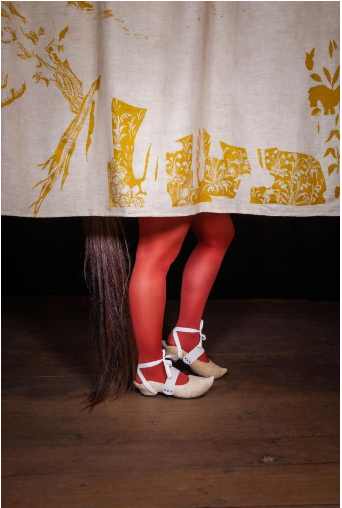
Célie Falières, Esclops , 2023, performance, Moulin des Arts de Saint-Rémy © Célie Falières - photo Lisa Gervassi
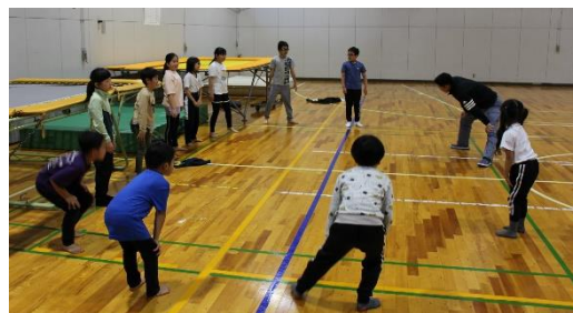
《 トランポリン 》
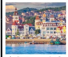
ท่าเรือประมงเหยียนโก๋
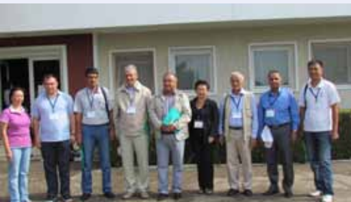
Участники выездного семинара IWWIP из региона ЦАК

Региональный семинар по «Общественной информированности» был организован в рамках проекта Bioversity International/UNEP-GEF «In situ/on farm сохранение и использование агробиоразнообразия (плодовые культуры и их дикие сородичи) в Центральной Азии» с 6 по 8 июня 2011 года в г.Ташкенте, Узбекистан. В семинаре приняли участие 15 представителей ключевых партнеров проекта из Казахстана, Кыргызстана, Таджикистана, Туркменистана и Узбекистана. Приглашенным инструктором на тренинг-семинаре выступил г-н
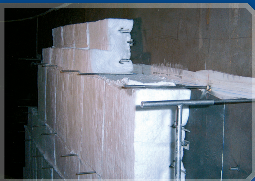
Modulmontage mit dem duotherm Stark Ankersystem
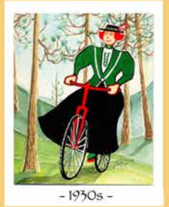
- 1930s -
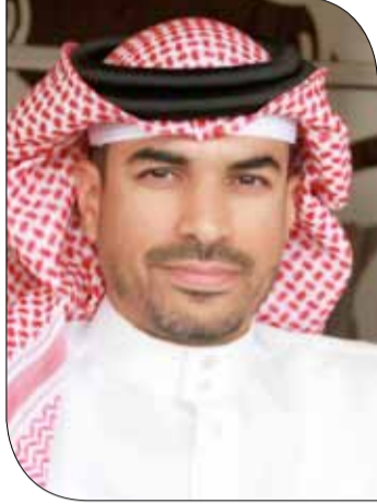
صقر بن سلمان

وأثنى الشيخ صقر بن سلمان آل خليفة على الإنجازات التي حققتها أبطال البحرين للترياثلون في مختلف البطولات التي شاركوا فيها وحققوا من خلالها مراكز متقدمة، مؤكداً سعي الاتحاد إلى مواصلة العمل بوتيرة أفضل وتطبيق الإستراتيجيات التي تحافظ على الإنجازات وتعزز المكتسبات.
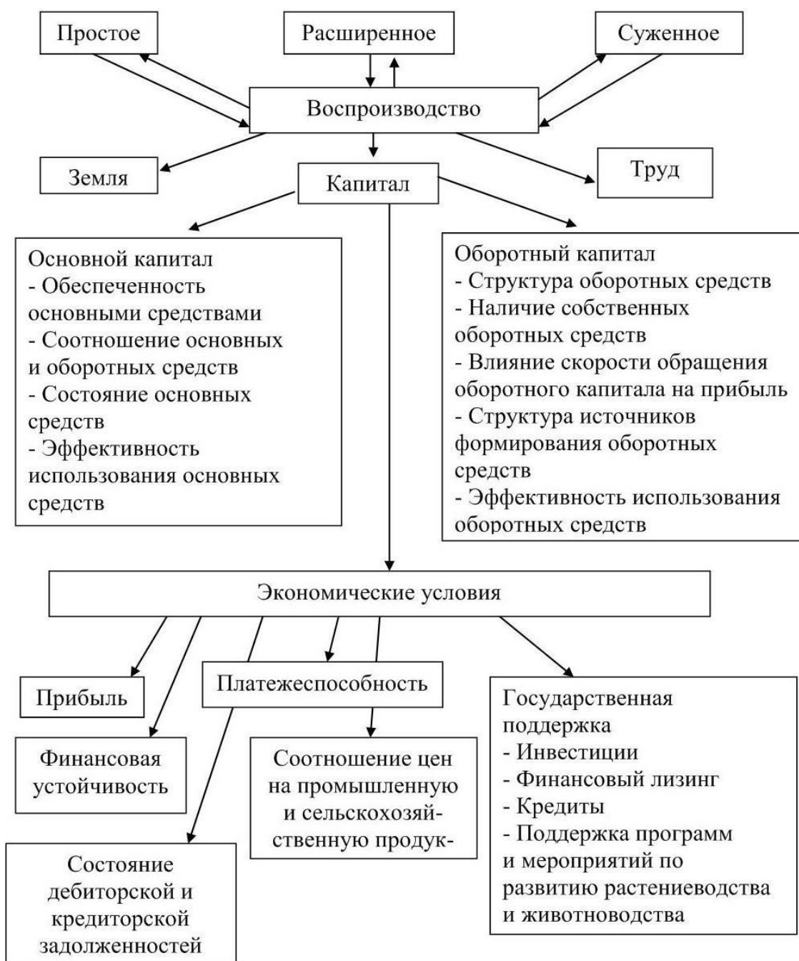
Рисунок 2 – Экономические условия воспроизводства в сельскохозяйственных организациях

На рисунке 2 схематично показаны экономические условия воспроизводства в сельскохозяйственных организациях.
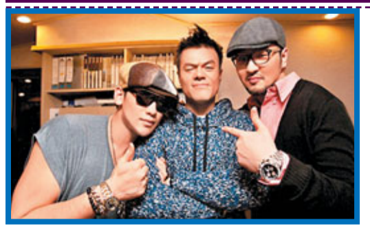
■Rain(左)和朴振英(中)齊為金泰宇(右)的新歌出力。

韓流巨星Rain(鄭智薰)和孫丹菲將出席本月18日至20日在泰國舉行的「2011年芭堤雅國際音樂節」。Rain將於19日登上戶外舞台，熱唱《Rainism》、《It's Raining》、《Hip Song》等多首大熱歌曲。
- - - -
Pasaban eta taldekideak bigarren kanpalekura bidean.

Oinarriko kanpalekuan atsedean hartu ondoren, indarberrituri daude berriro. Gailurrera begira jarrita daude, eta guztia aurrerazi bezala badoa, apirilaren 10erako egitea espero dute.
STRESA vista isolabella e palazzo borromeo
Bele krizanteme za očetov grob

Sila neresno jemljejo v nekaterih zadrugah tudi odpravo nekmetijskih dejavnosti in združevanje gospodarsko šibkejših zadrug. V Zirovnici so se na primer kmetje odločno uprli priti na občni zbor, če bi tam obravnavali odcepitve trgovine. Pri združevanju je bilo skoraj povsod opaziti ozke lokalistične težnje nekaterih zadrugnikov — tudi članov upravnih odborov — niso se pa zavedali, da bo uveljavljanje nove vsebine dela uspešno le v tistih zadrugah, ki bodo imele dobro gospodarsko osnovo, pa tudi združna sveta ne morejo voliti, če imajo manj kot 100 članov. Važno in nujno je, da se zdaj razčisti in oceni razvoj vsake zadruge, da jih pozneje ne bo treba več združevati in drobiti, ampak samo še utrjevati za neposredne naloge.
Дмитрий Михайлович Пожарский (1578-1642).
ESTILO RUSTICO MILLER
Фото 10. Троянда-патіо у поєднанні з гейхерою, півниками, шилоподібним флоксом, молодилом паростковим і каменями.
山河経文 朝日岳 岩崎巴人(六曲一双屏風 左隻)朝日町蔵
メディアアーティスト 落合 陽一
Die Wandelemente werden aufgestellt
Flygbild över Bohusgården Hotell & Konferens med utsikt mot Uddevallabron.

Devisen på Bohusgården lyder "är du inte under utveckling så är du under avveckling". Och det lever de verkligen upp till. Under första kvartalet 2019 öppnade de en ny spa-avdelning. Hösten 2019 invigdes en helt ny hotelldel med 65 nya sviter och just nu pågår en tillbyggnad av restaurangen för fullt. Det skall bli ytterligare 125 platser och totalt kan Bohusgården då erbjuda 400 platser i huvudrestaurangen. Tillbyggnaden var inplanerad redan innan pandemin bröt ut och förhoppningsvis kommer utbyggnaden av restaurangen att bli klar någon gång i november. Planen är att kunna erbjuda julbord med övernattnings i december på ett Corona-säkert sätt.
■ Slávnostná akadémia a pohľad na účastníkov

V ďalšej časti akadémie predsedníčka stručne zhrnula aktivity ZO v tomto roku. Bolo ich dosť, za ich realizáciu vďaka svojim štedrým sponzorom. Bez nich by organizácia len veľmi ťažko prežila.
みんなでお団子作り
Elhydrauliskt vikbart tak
- - - -
** Task item **
For the listing above, print only the lines starting at the line containing "Дмитрий Михайлович Пожарский (1578-1642)." and ending at the line containing "Flygbild över Bohusgården", exactly, both included.

** Solved exercise **
Дмитрий Михайлович Пожарский (1578-1642).
ESTILO RUSTICO MILLER
Фото 10. Троянда-патіо у поєднанні з гейхерою, півниками, шилоподібним флоксом, молодилом паростковим і каменями.
山河経文 朝日岳 岩崎巴人(六曲一双屏風 左隻)朝日町蔵
メディアアーティスト 落合 陽一
Die Wandelemente werden aufgestellt
Flygbild över Bohusgården Hotell & Konferens med utsikt mot Uddevallabron.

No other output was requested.